Earlier, while walking, a target, his face looked very vacant. Downed, it is all lit up with this strange intelligence, a care. Features are smarting but the pain seems almost some social embarrassment. Officers surely taught him
never
to move upright during firing,
always
dodge while advancing, do obliques, think obliques. Now he’s shaking his head sideways, perhaps remembering the rules as he drags over here. Either elbow pulls the upper body. He’s talking to himself and there’s an expression like a smile, but not a smile. You hoot instructions, try and guide him back toward his own lines. Under his pulled weight, a trail of wildflowers flatten. It’s terrible to see his pale grin as he gets nearer—like he’s recognized you. You picture yourself out there. Just now, a running Yankee tramples one whole leg of him. Volleys keep detonating left and right. He’s about to crawl directly into cross fire, he’s about to get his goddam head blown off. Excuse me.

And here we go, Lucille, here’s part I never manage to understand. It’s from your being thirteen perhaps. It’s pure insanity as you find somebody like yourself—but far, far stupider—leaping from your ditch’s safety, running through the noisy open, hollering at this boy (far bigger up close), “Here, let me.” He sees gray above him, scrambles backward, squeals, pats all around him, finds his musket’s too far off, grabs a rock instead, holds this up—his eyes too huge to bear—tries tossing it. The thing falls inches short, of course. He keeps crying up at you, “No more. No more now, sir.”

“Let me. Really. Here,” which means setting down your musket as you get a grip, as, without permission, you pull this boy to safety. Seeing how his chest is opened, you have grabbed him boot-first. You pull him face-up by either long leg—he is bouncing, groaning from the pain of being dragged. Till the both of you fall backwards, you in first, gasping, grateful, it’s your ditch again. Just then cannons really start and a great din of battle roars over where he was. And you look out to where your musket is. Oh dear.

What the fuck have you done? Pardon me, miss. Separated from your rifle, you’ve just pulled a Yankee stranger in this hole with you, is what. A mouse drags a cat through the small slit into its very home and has to know then it is certainly a stupid mouse and probably quite soon a dead one too!

You both hear you’re both panting. Even above the pumping of lead over the ditch you occupy—the sound of troubled breath, your own, means most. You are very scared to look directly at each other. Terrified, no doubt, for different sets of reasons but both sets quite likely very good. It hurts to turn your neck but finally you do, so slow in hopes that—hand to hand—he won’t now try to kill you back. Disarmed, in a hole, two boys, one hurt, one less so, stare at each other. Your mouths are both open like screaming, but they’re embarrassed to make sounds while doing so. You see how, up close, the other kid has blond-silver hair, thick dark eyebrows, spiky lashes.
This is plain since these eyes are definitely on you. His damaged right arm and shoulder shake, St. Vitus, uncontrolled. You recognize your own nighttime teeth chomping.

Then you do something pitiful. You smile at him. It is a disgusting display but all you can think of. He says, “Some mess, hunh?”

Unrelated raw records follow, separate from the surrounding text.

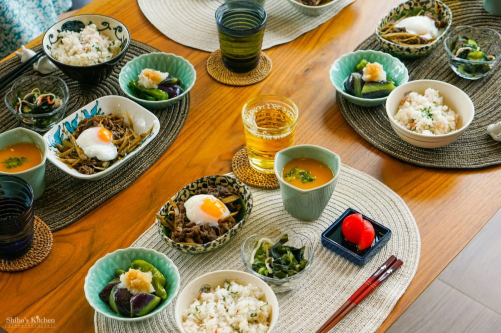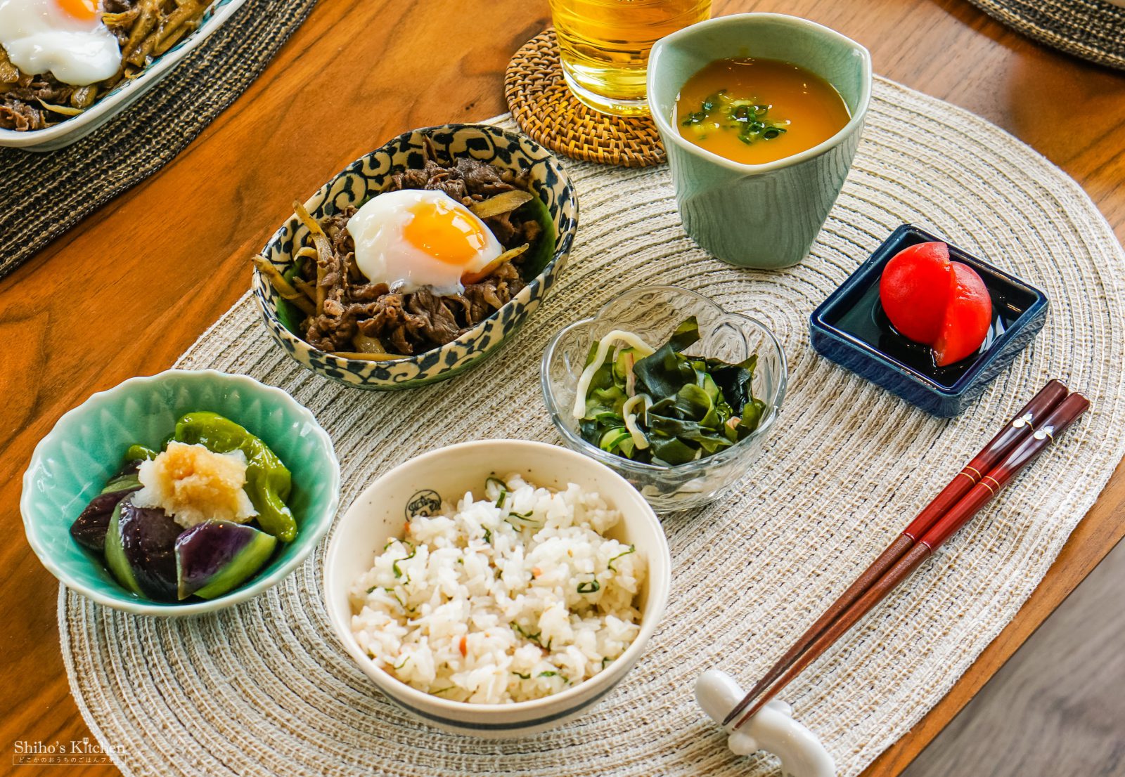 ごはんには、ちぎった梅干し、千切りの大葉、しらす、白ごまを混ぜ込みました。簡単だけど、ごはんの熱で大葉の香りが立って美味しいよ。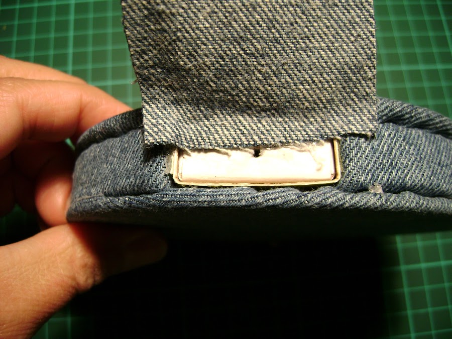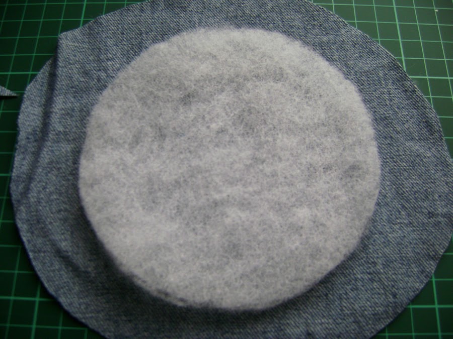 A la guata también dibujarle un círculo del mismo tamaño y cortarlo, luego se sujeta con alfileres sobre uno de los círculos de jean. Se voltea la tela y se marcan los 4 puntos donde van a ir los ojetes. Luego se ponen los ojetes pero de este paso no tengo foto porque lo mandé a hacer y se me olvidó llevar la cámara.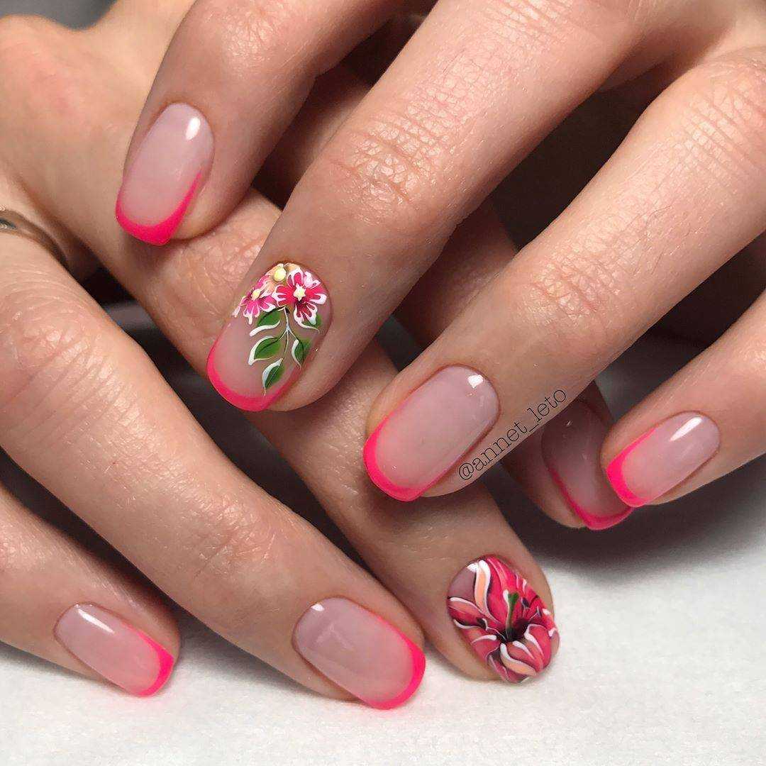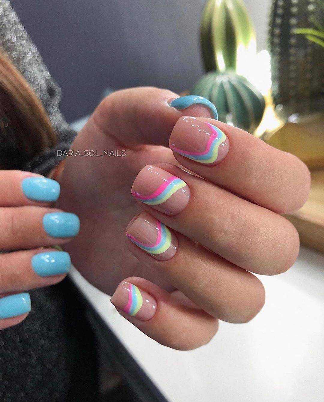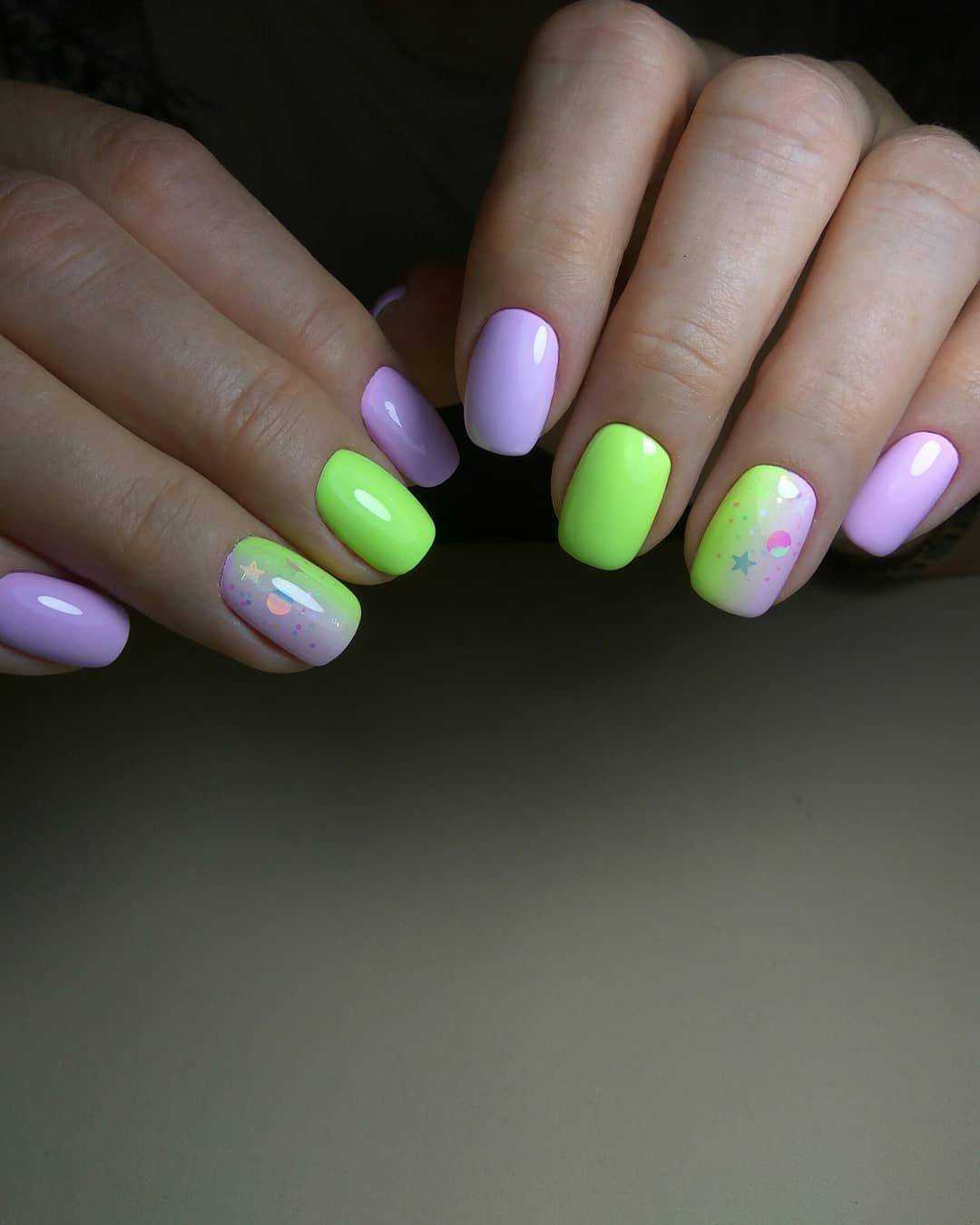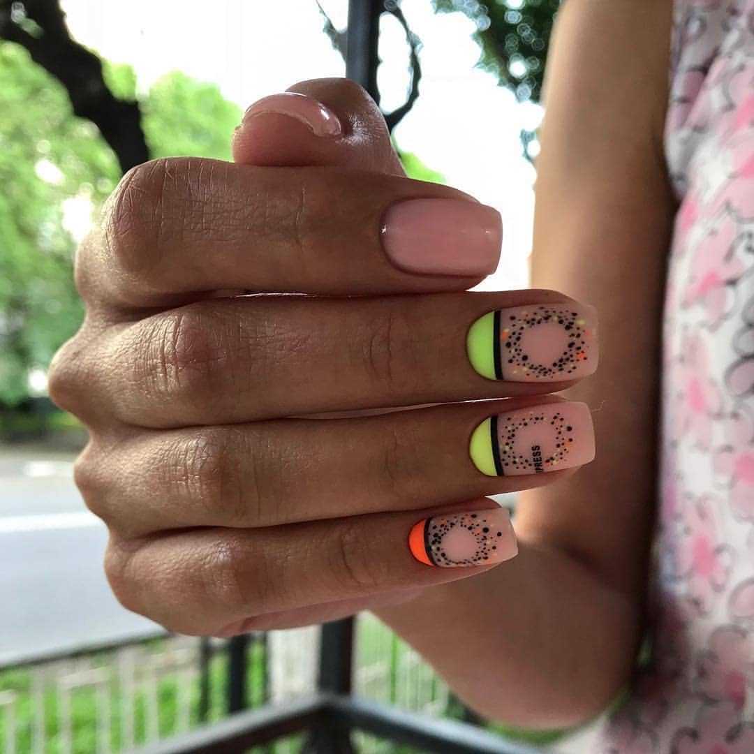 Самый простой, но оттого не менее красивый способ украшения коротких ногтей — летний дизайн с неоновыми оттенками. Лунный маникюр, неоновые мазки/кляксы на прозрачном покрытии или разноцветная радуга из гибких ленточек — решать вам. Весенний вариант с пастельными оттенками и единичными рисунками веточек/цветов, сердечек сделает маникюр эстетичным.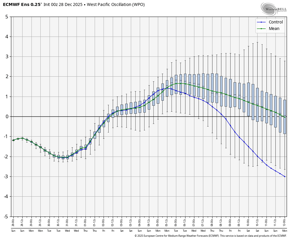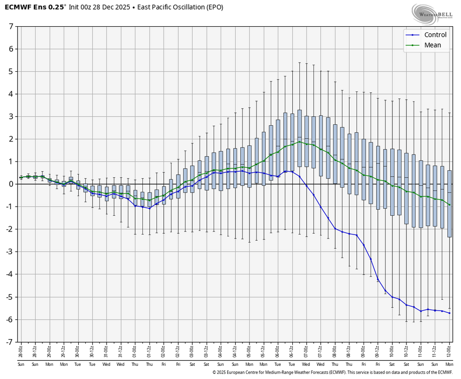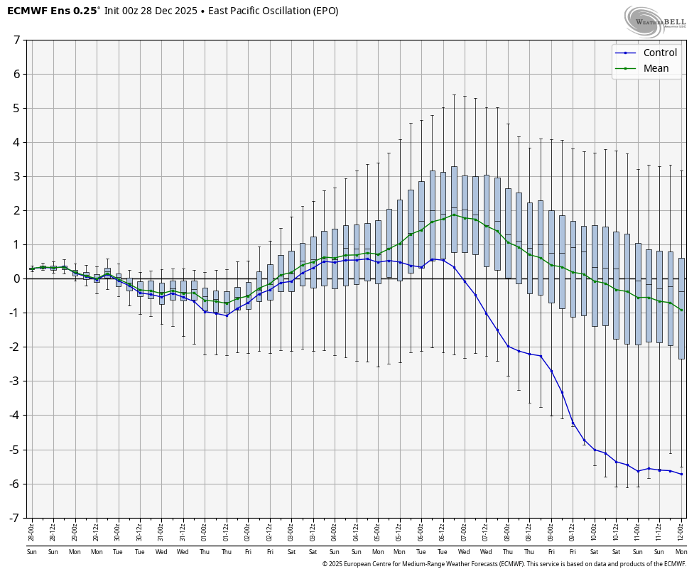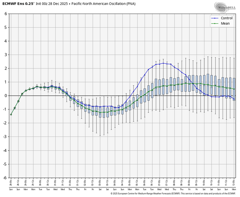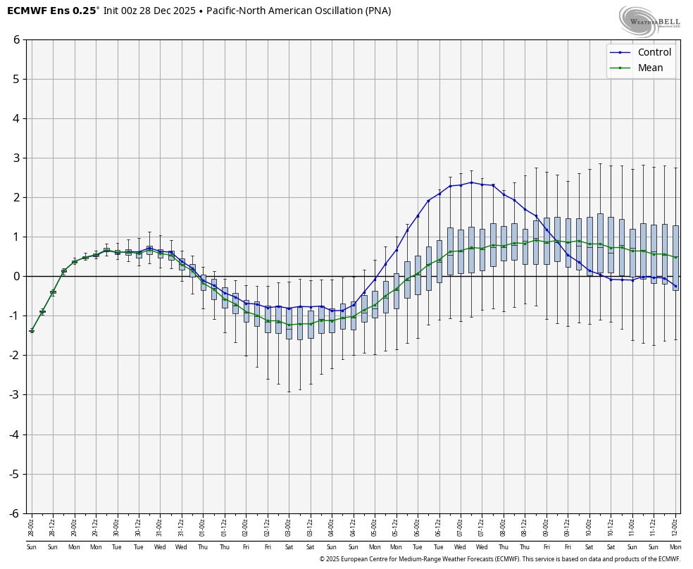 When you consider that both the EPS and GEFS have had a notable -PNA bias/notable warm bias from your area eastward and that all -ENSO -PNA Decs have transitioned to +PNA Jans, these consistently much better pattern maps for mid-Jan are quite encouraging. Just 5 days ago, the EW had this ugly -PNA for 1/12-18: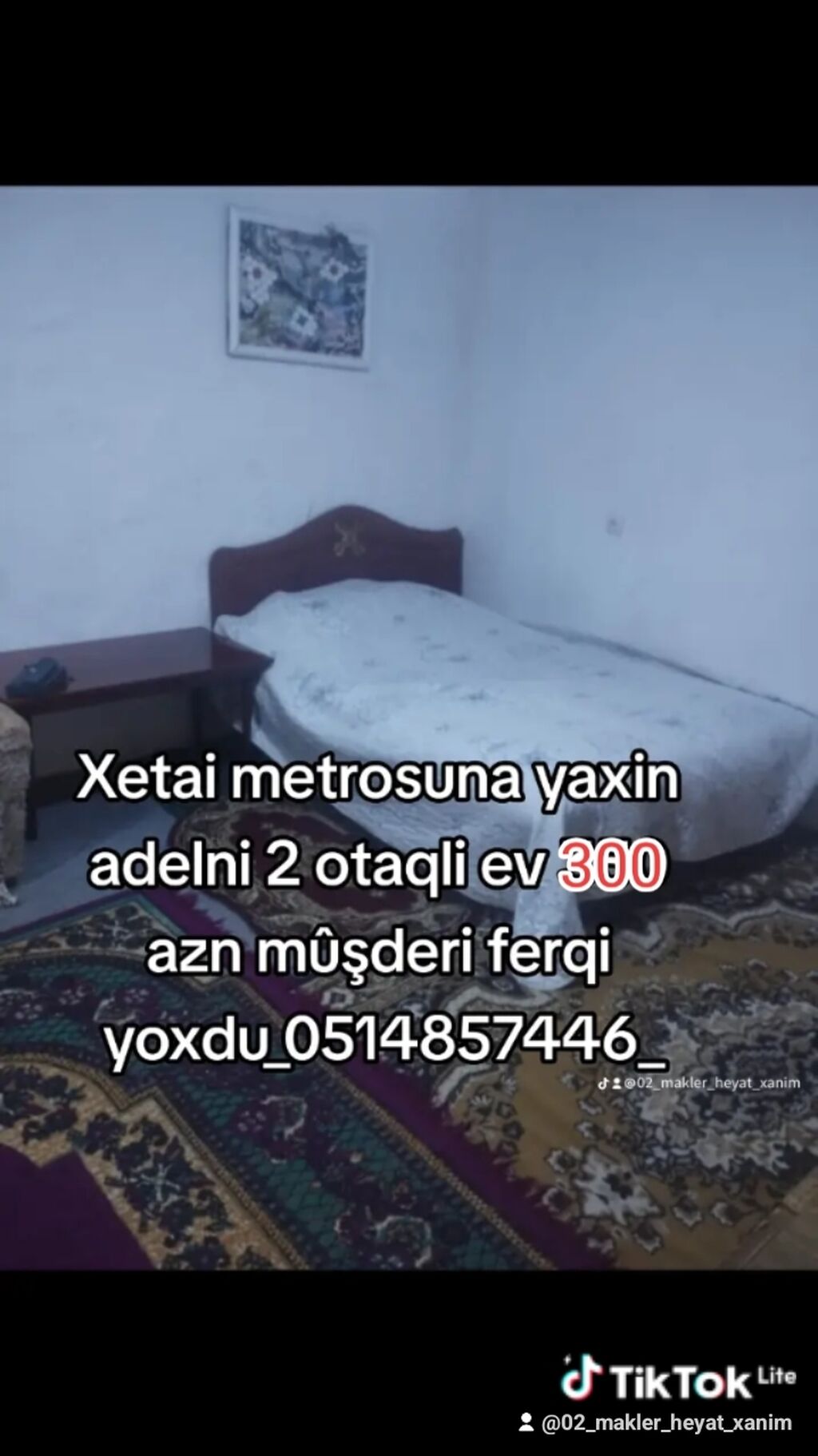 Xetai metrosuna yaxin adelni 2 otaqli ev 300 azn mûşderi ferqi yoxdu_0507396798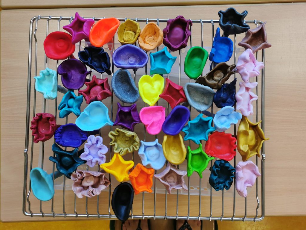 Anschließend ging es dann zum spaßigen Bastelteil über. Passend zum aktuellen Sommerwetter haben wir es uns zur Aufgabe gemacht den Insekten zu helfen. So wurden am heutigen Tag viele wunderschöne Insektentränken gebaut. Es waren sämtliche Farben und Formen vertreten und der Kreativität der Kinder wurde freien Lauf gelassen. Hergestellt haben wir unsere Insektentränken aus Modelliermasse und Schrauben zur Stabilität. Während die erste Ladung Insektentränken zum Aushärten im Backofen war, ging es wieder weiter mit einem informativen Teil.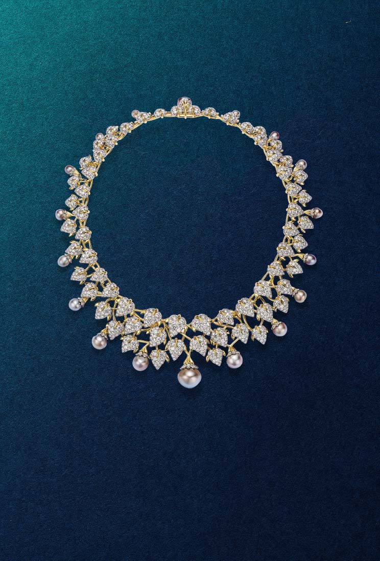 分享本圖「 Cascade 」項鍊以鉑金與 18K 黃金打造,由 Nathalie Verdeille 與 Tiffany & Co. 設計工作室聯手創作,靈感源自 Jean Schlumberger 經典的 Leaves 項鍊。鑲嵌 18 顆天然海水珍珠與 1,276 顆圓形明亮式切割鑽石,流動的金色藤蔓與光澤柔潤的珍珠交織出大自然的詩意之美。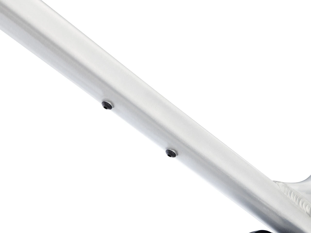 Wie üblich bei RAAW zeugen durchdachte Elemente von hoher Detailverliebtheit. Das Rahmendesign zeigt Matsch die kalte Schulter und ist leicht zu reinigen. Komplett außenverlegte Züge vereinfachen die Wartung und erlauben schnelle Reparaturen. Schützende Gummielemente an Unterrohr und Kettenstrebe sowie innen an der rechten Sitzstrebe tun ihren Job ebenso wie die extralangen Anschlagpuffer, welche verschiedene Gabel-Offsets erlauben und zugleich als Kabelführung dienen. Die zwei Gewinde unten am Oberrohr verwendest Du bei Bedarf, um eine kleine Werkzeugtasche anzubringen. Die Scheibenbremsaufnahme ist ein eigenes Bauteil und standardmäßig für 203-mm-Bremsscheiben ausgelegt. Der spezielle Steuersatz und Hardware zur Dämpfermontage sind bereits im Lieferumfang enthalten.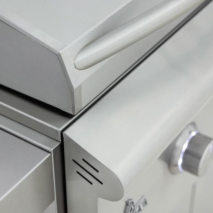 With a spring-assisted lid for effortless opening, a front-positioned drip tray for easy grease management, and upgraded LED-lit control knobs, this griddle is built for efficiency, safety, and ease of use. The stainless steel cart includes a pull-out propane tank holder, an internal storage shelf, soft-close doors, and four locking casters, making it easy to move and store grilling essentials.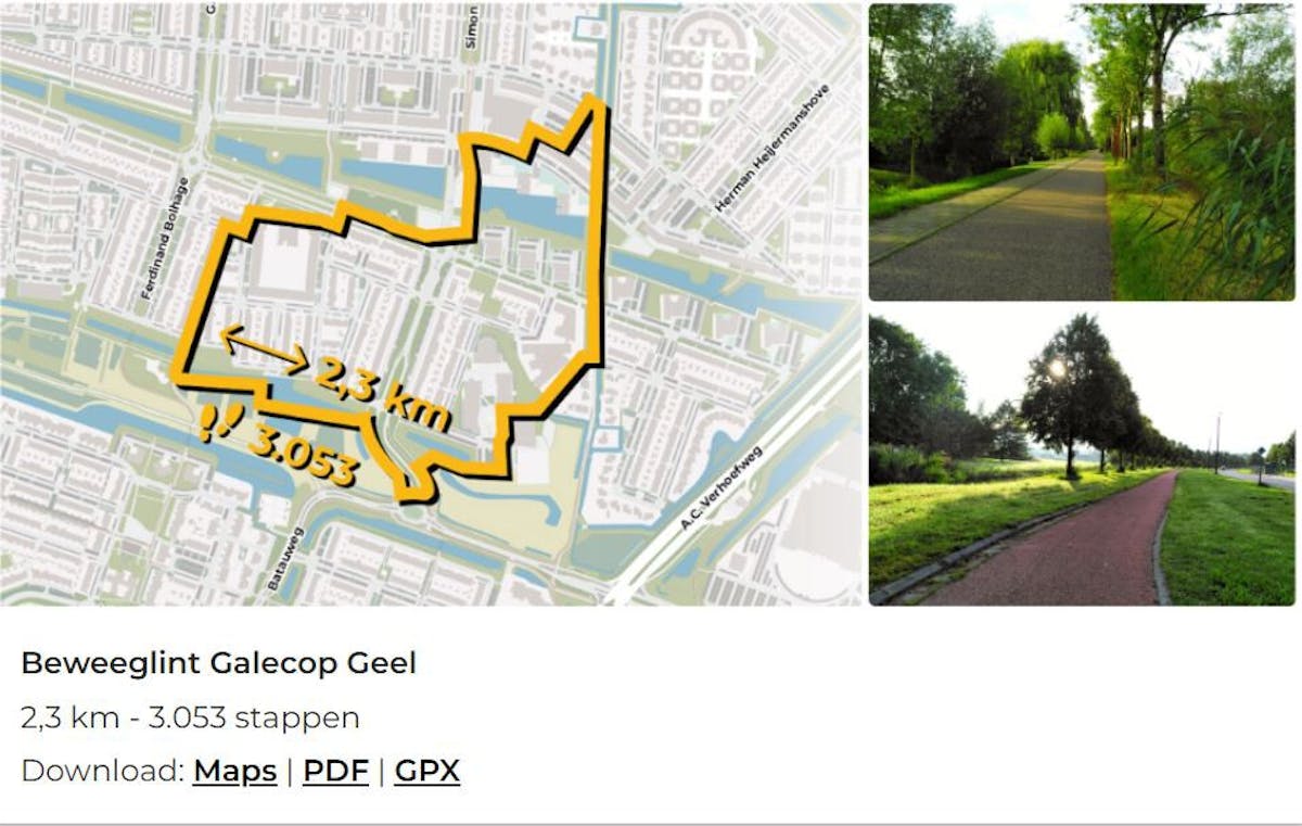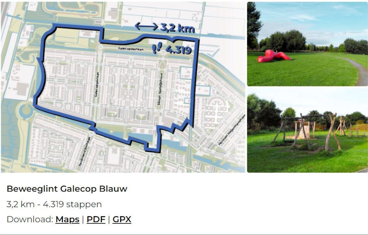 Onlangs heeft wethouder John van Engelen de beweeglinten in Nieuwegein officieel geopend. In Galecop starten de routes op het Beweegplein aan De Kempenaerpark.

He chances grinning in hopes you won’t do him worse harm. The Yankee’s sweating a lot, clear drops are set side to side across his forehead. He seems to know where he is and how he erred by becoming so willing a target. He seems to feel that he will now—for his mistakes—be killed. Soon. Maybe bayoneted. With one red palm, he covers his weird smile. But he doesn’t apologize or plead. He hasn’t yet noticed how, in saving him (from your own shooting him), you dropped your musket way, way out there in the harmful open.

As a sign, you hold up both your hands toward him—palms foremost, wrists exposed to prove you mean no harm, not
now
. Not now you’ve probably killed him once. Enough. Some mess all right. Does he even know that it was you who plugged him? You hope he’ll blame most anybody else.